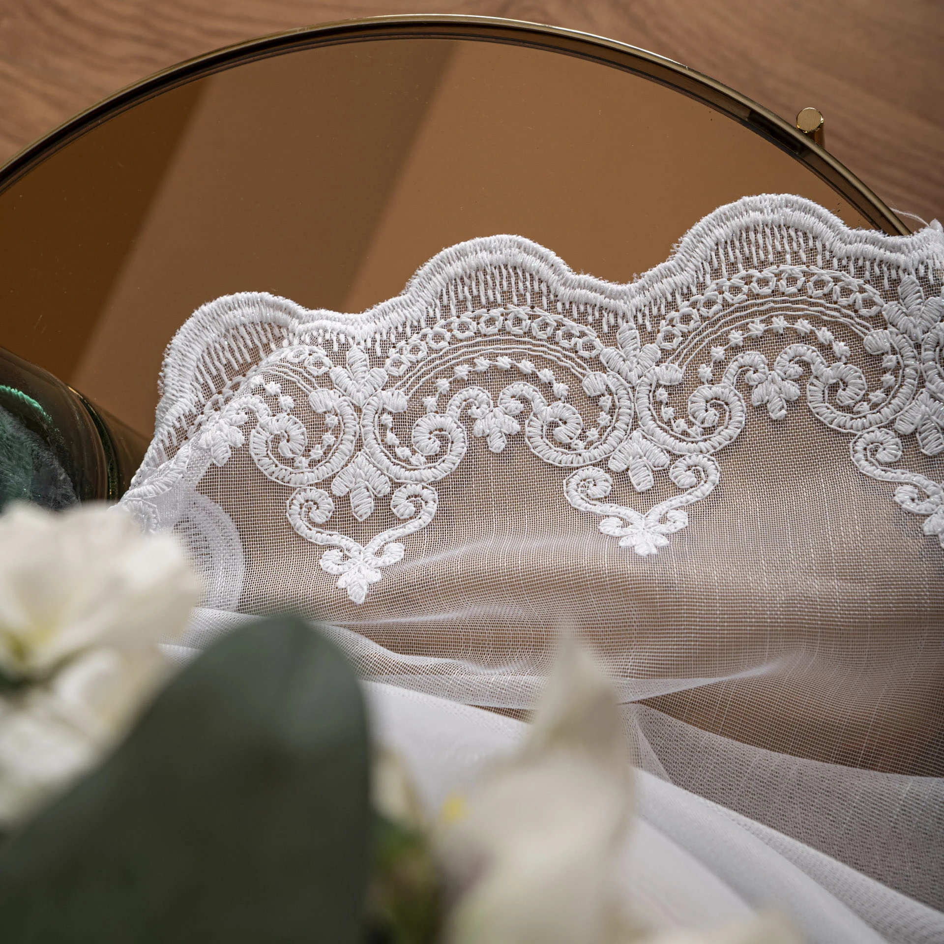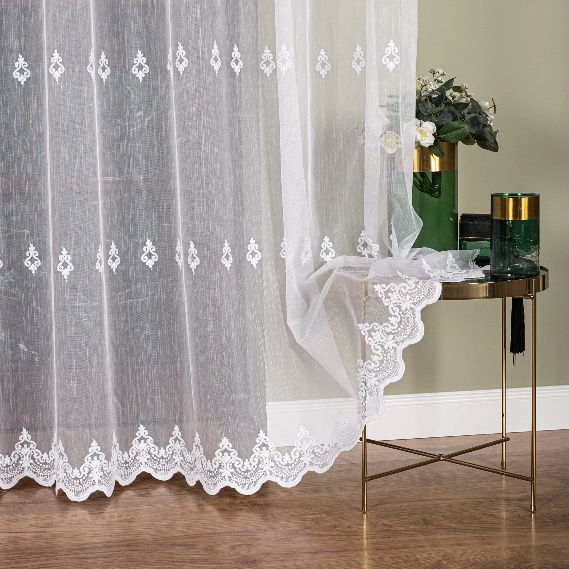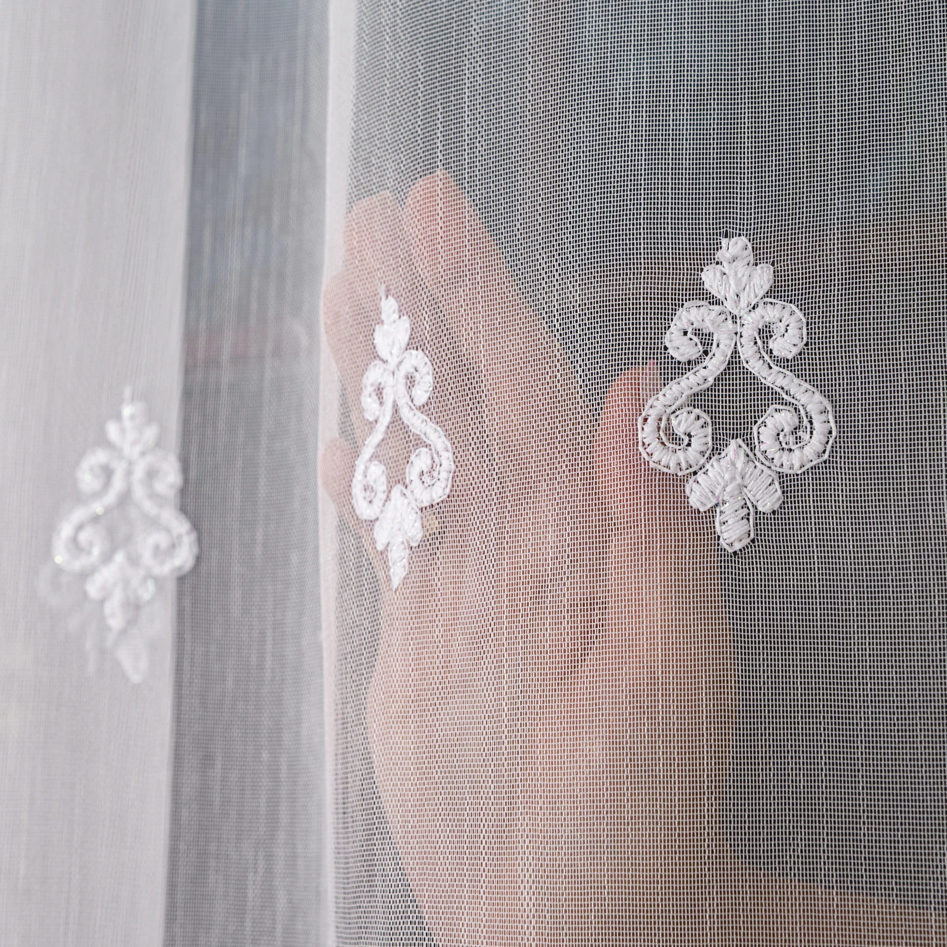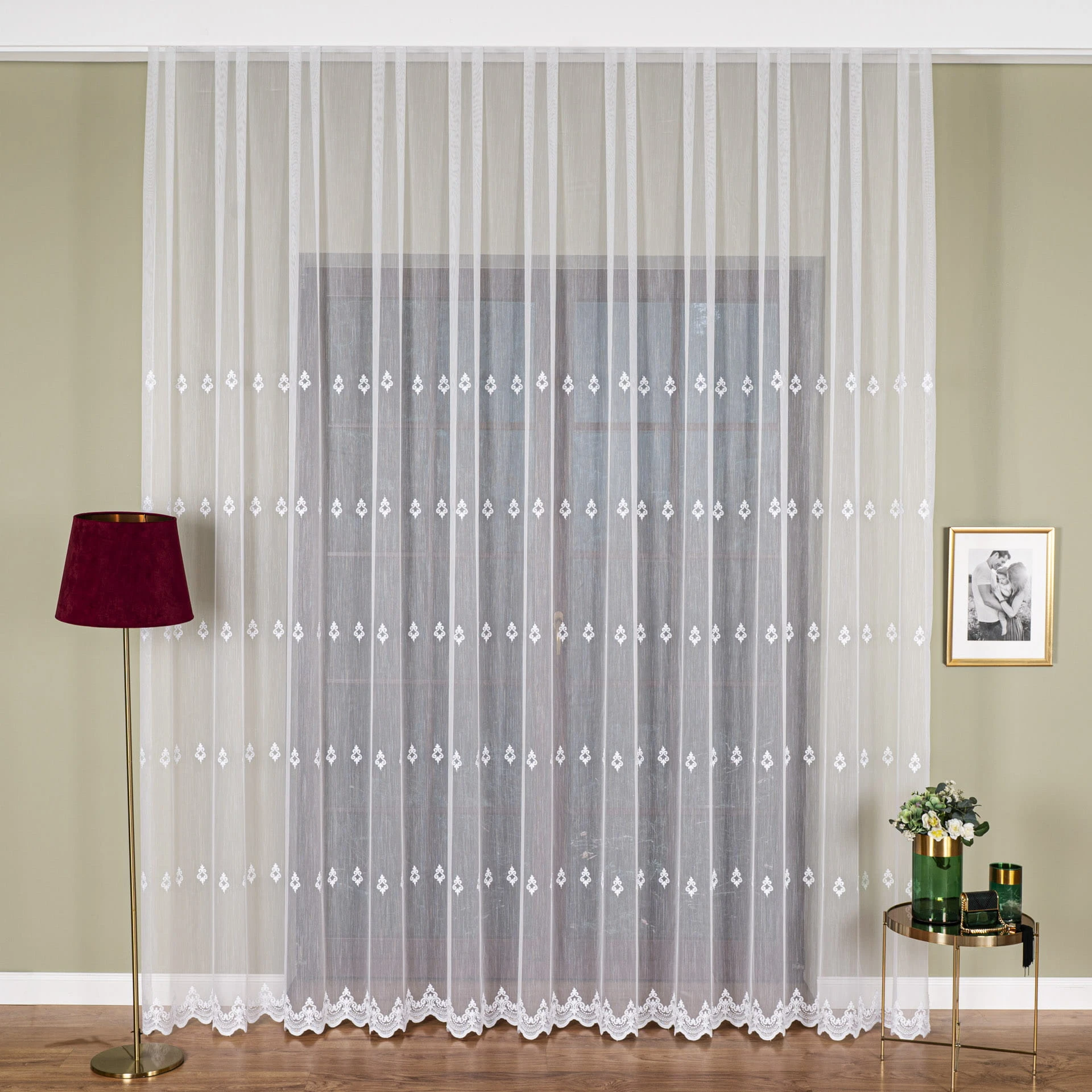 Firanka haftowana pasowa, wysokość 300cm, kolor biały
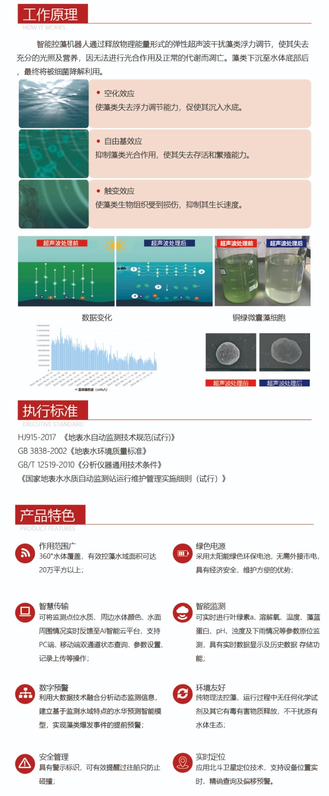 UCA1000智能控藻機(jī)器人由浙江恒達(dá)儀器儀表股份有限公司協(xié)同中國(guó)船舶集團(tuán)第七一 五研究所、浙江省生態(tài)環(huán)境科學(xué)設(shè)計(jì)研究院、浙江大學(xué)長(zhǎng)三角智慧綠洲創(chuàng)新中心共同研制。 UCA1000智能控藻機(jī)器人作為浙江省“尖兵”、“領(lǐng)雁”重點(diǎn)研發(fā)成果,采用定時(shí)監(jiān) 測(cè)的超聲波抑藻除藻技術(shù),融合物聯(lián)網(wǎng)傳感器、AI人工智能云算法、北斗衛(wèi)星定位通訊等 先進(jìn)技術(shù),依托智慧信息管理平臺(tái),能夠在不影響原有水體生態(tài)系統(tǒng)及周邊生態(tài)環(huán)境的前 提下,實(shí)現(xiàn)全天候定點(diǎn)水質(zhì)監(jiān)測(cè)、水質(zhì)數(shù)據(jù)分析預(yù)警及藻類(lèi)爆發(fā)早期生長(zhǎng)抑制等功能???有效保持水體生態(tài)平衡,具有立體監(jiān)測(cè)、響應(yīng)速度快、監(jiān)測(cè)范圍廣等優(yōu)勢(shì)。 |
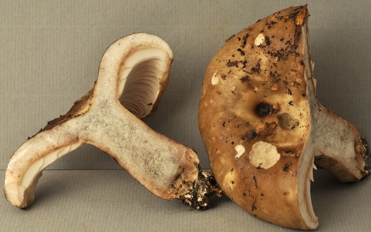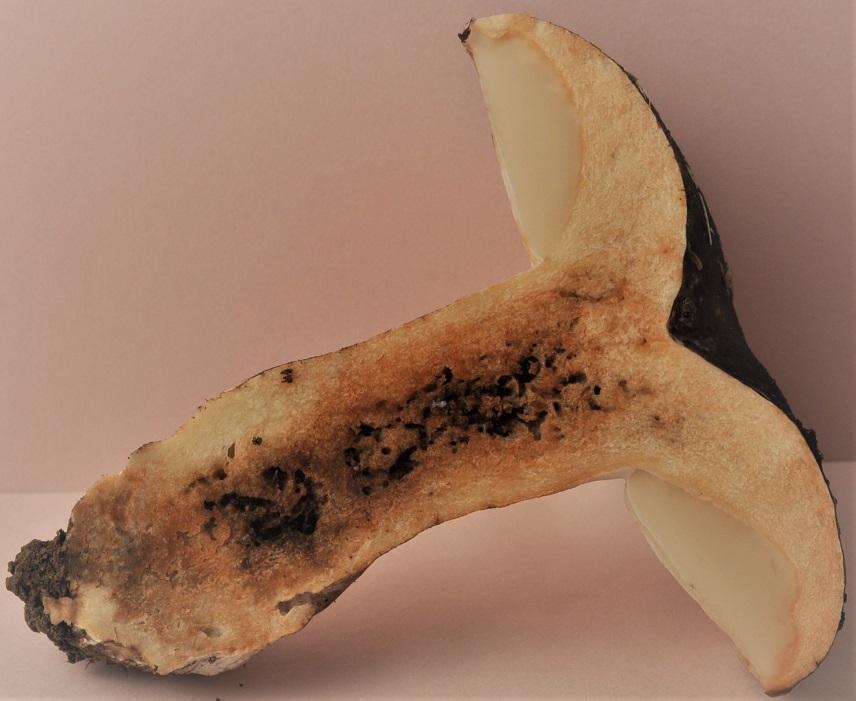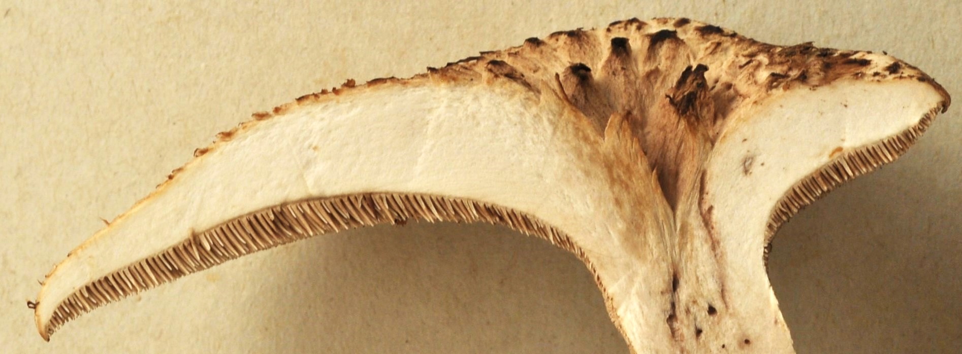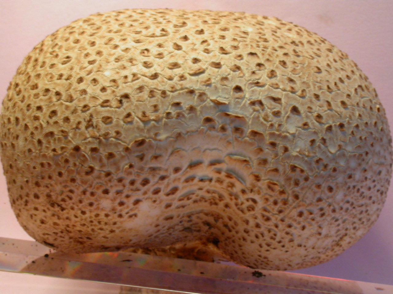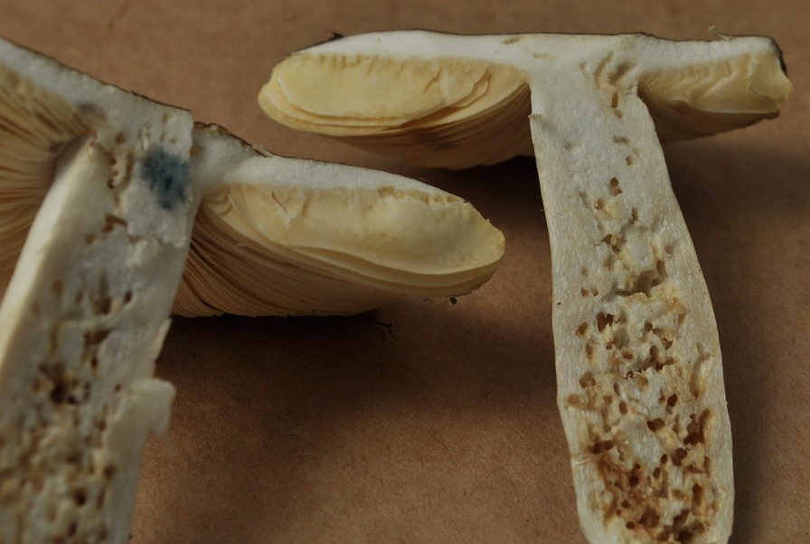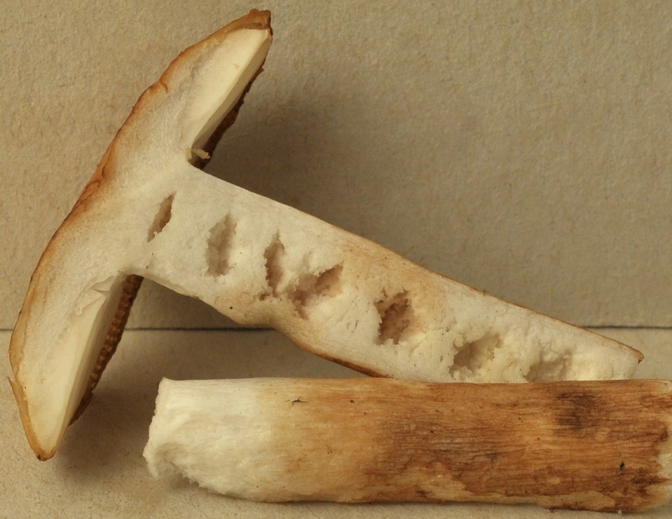 zoom, CD8-6 33. Gros exemplaires (~ 20 cm) observés sur site. Spores non lisses observées dans l'eau. Gléba devient jaune, subgléba reste blanche.

Your assignment -
Pictures excluded, quote all the data above exactly.

Task response -
 Firanka haftowana pasowa, wysokość 300cm, kolor biały
 UCA1000智能控藻機(jī)器人由浙江恒達(dá)儀器儀表股份有限公司協(xié)同中國(guó)船舶集團(tuán)第七一 五研究所、浙江省生態(tài)環(huán)境科學(xué)設(shè)計(jì)研究院、浙江大學(xué)長(zhǎng)三角智慧綠洲創(chuàng)新中心共同研制。 UCA1000智能控藻機(jī)器人作為浙江省“尖兵”、“領(lǐng)雁”重點(diǎn)研發(fā)成果,采用定時(shí)監(jiān) 測(cè)的超聲波抑藻除藻技術(shù),融合物聯(lián)網(wǎng)傳感器、AI人工智能云算法、北斗衛(wèi)星定位通訊等 先進(jìn)技術(shù),依托智慧信息管理平臺(tái),能夠在不影響原有水體生態(tài)系統(tǒng)及周邊生態(tài)環(huán)境的前 提下,實(shí)現(xiàn)全天候定點(diǎn)水質(zhì)監(jiān)測(cè)、水質(zhì)數(shù)據(jù)分析預(yù)警及藻類(lèi)爆發(fā)早期生長(zhǎng)抑制等功能???有效保持水體生態(tài)平衡,具有立體監(jiān)測(cè)、響應(yīng)速度快、監(jiān)測(cè)范圍廣等優(yōu)勢(shì)。 |
 zoom, CD8-6 33. Gros exemplaires (~ 20 cm) observés sur site. Spores non lisses observées dans l'eau. Gléba devient jaune, subgléba reste blanche.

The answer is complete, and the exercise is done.